• _Task objective_:
The listing below holds pictures; exclude them. Return exactly the lines from the one with "Sonja on elellyt" through the one with "Nog zo'n bijzondere".

• _Data to use_:
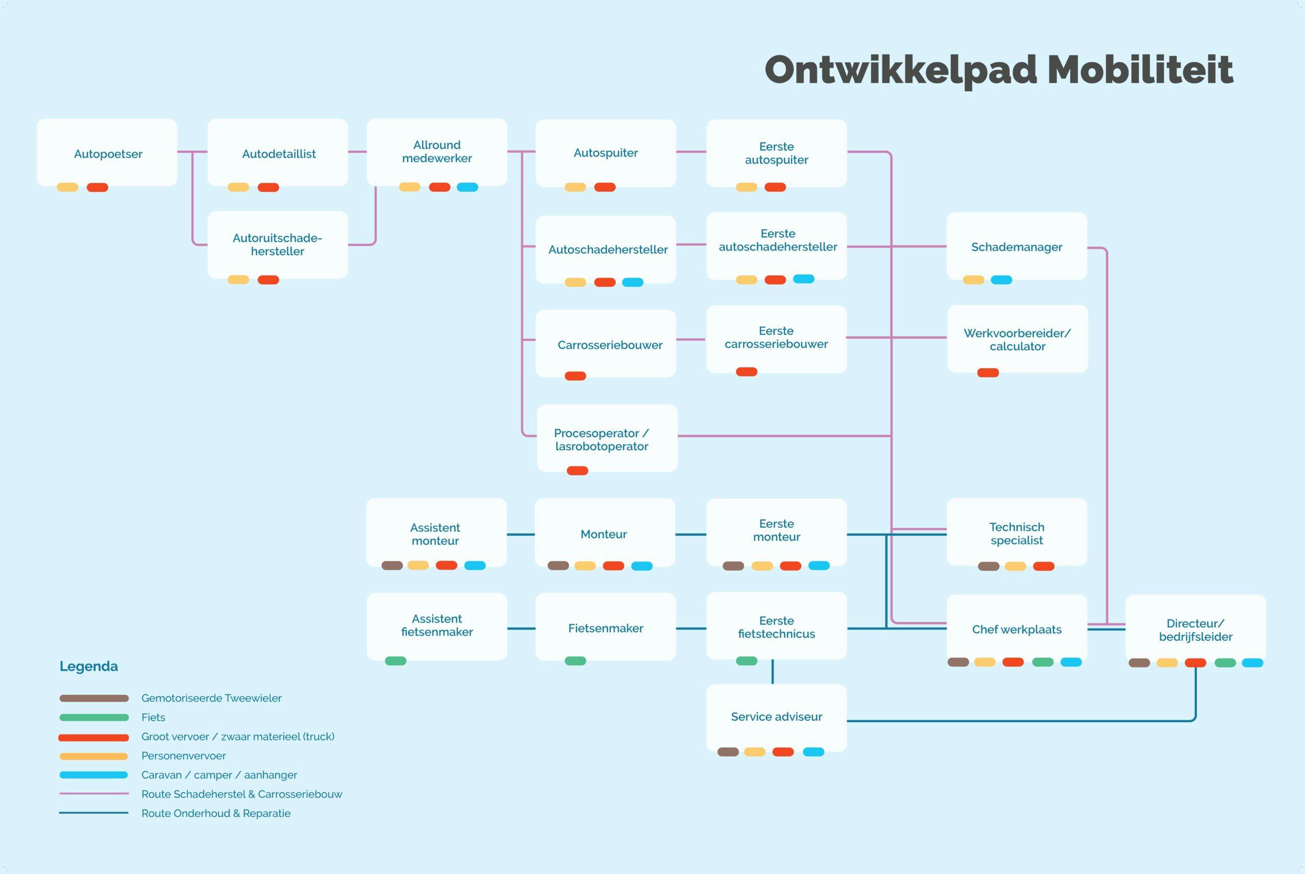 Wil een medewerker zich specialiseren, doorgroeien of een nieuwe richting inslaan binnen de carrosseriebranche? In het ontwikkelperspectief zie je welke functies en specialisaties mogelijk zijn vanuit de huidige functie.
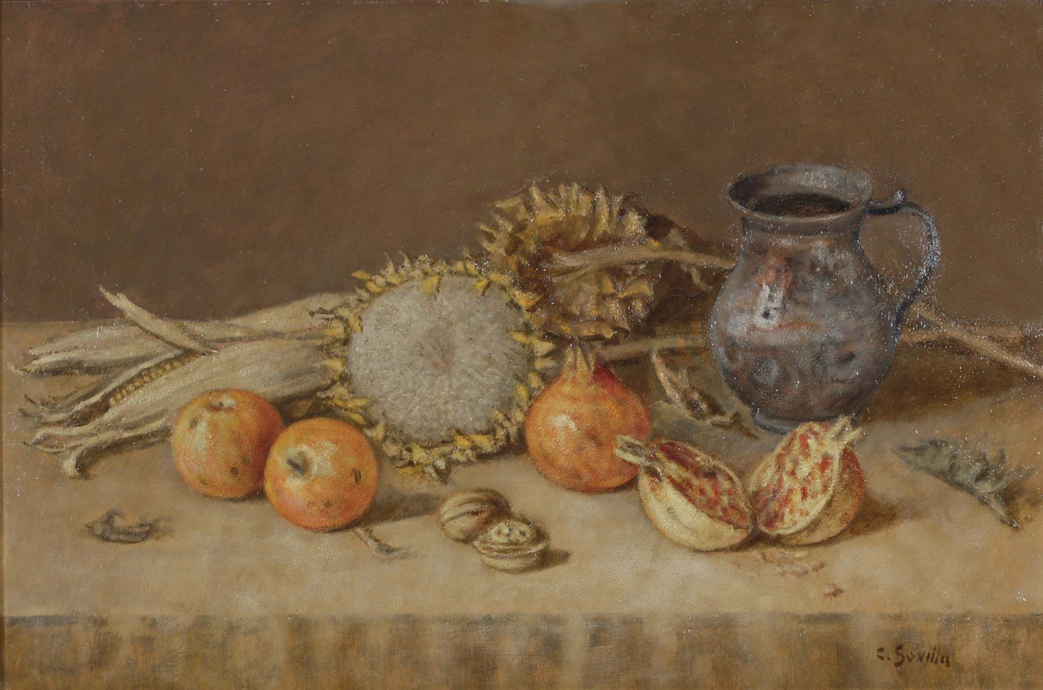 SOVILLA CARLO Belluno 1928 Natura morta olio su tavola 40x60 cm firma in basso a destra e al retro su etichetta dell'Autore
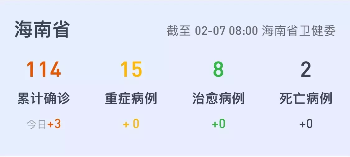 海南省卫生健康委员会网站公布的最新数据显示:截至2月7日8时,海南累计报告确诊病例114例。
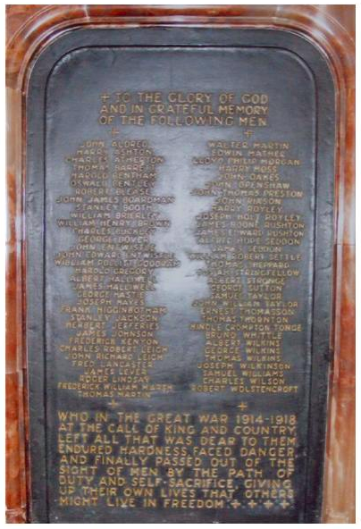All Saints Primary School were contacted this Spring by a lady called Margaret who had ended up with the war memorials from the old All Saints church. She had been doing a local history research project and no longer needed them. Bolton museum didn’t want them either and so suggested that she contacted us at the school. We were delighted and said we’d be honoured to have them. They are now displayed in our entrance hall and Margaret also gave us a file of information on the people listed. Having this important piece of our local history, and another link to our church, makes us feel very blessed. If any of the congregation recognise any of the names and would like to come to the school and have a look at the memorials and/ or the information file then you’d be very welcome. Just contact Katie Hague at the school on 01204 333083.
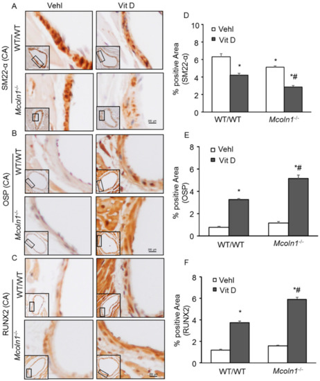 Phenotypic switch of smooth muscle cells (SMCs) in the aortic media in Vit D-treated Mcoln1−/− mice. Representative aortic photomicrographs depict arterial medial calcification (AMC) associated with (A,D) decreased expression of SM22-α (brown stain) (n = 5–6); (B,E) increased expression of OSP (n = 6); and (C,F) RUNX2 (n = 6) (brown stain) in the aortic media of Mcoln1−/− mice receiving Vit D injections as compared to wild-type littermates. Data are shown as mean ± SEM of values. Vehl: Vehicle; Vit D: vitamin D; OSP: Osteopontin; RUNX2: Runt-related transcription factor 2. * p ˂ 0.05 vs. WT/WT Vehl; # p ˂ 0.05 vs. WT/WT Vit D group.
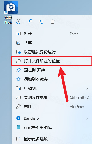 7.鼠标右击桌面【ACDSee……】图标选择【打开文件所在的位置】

...

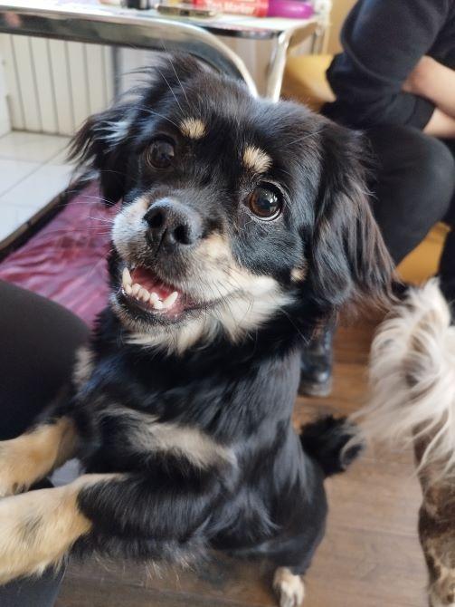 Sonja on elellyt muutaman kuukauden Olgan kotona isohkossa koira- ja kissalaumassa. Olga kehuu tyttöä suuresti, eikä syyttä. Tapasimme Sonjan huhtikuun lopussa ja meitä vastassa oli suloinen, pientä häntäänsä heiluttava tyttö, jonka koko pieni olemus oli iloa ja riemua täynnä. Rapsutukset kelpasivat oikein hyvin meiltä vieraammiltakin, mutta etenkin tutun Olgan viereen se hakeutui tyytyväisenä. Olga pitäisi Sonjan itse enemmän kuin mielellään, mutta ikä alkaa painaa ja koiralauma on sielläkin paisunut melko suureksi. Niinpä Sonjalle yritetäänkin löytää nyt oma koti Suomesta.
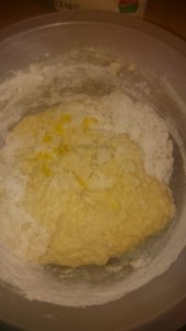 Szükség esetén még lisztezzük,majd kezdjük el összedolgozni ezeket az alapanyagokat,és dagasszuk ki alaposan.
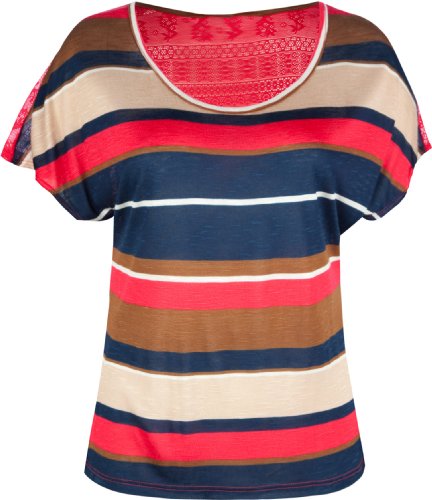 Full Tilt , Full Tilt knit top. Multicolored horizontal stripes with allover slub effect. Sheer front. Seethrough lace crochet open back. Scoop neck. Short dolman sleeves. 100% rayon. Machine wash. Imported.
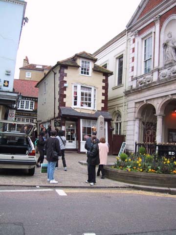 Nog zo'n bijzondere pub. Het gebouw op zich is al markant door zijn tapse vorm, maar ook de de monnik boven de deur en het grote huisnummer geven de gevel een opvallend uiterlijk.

...

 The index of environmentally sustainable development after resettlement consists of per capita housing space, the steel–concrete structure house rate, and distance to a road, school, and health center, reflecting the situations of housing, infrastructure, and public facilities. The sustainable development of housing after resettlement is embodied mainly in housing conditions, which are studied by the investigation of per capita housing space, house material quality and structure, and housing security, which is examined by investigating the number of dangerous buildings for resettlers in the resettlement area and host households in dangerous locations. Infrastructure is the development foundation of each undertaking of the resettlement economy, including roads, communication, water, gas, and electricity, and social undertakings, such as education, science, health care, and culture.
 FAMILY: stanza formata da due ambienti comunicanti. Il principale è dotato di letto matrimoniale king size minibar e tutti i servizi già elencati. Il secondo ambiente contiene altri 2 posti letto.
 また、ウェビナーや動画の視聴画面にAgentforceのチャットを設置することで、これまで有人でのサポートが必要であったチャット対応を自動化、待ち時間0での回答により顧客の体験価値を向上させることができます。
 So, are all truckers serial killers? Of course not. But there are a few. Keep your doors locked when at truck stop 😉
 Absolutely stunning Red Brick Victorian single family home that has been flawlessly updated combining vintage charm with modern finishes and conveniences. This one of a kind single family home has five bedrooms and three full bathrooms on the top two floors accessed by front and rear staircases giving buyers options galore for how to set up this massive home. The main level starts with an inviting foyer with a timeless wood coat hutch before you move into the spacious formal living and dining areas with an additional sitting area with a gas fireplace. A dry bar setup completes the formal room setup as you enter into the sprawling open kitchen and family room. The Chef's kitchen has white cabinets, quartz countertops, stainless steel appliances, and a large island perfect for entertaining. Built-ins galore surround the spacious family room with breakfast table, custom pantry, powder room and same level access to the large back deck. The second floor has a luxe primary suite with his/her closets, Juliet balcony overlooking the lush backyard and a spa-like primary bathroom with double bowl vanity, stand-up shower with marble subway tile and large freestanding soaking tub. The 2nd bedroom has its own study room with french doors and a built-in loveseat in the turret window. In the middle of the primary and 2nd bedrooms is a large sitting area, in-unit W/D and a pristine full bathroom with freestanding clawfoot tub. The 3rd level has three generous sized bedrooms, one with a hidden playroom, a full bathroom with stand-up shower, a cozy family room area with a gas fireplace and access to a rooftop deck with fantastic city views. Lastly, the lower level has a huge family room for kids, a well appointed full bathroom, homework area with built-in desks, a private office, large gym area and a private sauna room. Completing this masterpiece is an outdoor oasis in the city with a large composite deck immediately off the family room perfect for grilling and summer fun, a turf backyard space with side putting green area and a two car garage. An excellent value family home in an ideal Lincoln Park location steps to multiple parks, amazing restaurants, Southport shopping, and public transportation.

• _Response to the task_:
 Sonja on elellyt muutaman kuukauden Olgan kotona isohkossa koira- ja kissalaumassa. Olga kehuu tyttöä suuresti, eikä syyttä. Tapasimme Sonjan huhtikuun lopussa ja meitä vastassa oli suloinen, pientä häntäänsä heiluttava tyttö, jonka koko pieni olemus oli iloa ja riemua täynnä. Rapsutukset kelpasivat oikein hyvin meiltä vieraammiltakin, mutta etenkin tutun Olgan viereen se hakeutui tyytyväisenä. Olga pitäisi Sonjan itse enemmän kuin mielellään, mutta ikä alkaa painaa ja koiralauma on sielläkin paisunut melko suureksi. Niinpä Sonjalle yritetäänkin löytää nyt oma koti Suomesta.
 Szükség esetén még lisztezzük,majd kezdjük el összedolgozni ezeket az alapanyagokat,és dagasszuk ki alaposan.
 Full Tilt , Full Tilt knit top. Multicolored horizontal stripes with allover slub effect. Sheer front. Seethrough lace crochet open back. Scoop neck. Short dolman sleeves. 100% rayon. Machine wash. Imported.
 Nog zo'n bijzondere pub. Het gebouw op zich is al markant door zijn tapse vorm, maar ook de de monnik boven de deur en het grote huisnummer geven de gevel een opvallend uiterlijk.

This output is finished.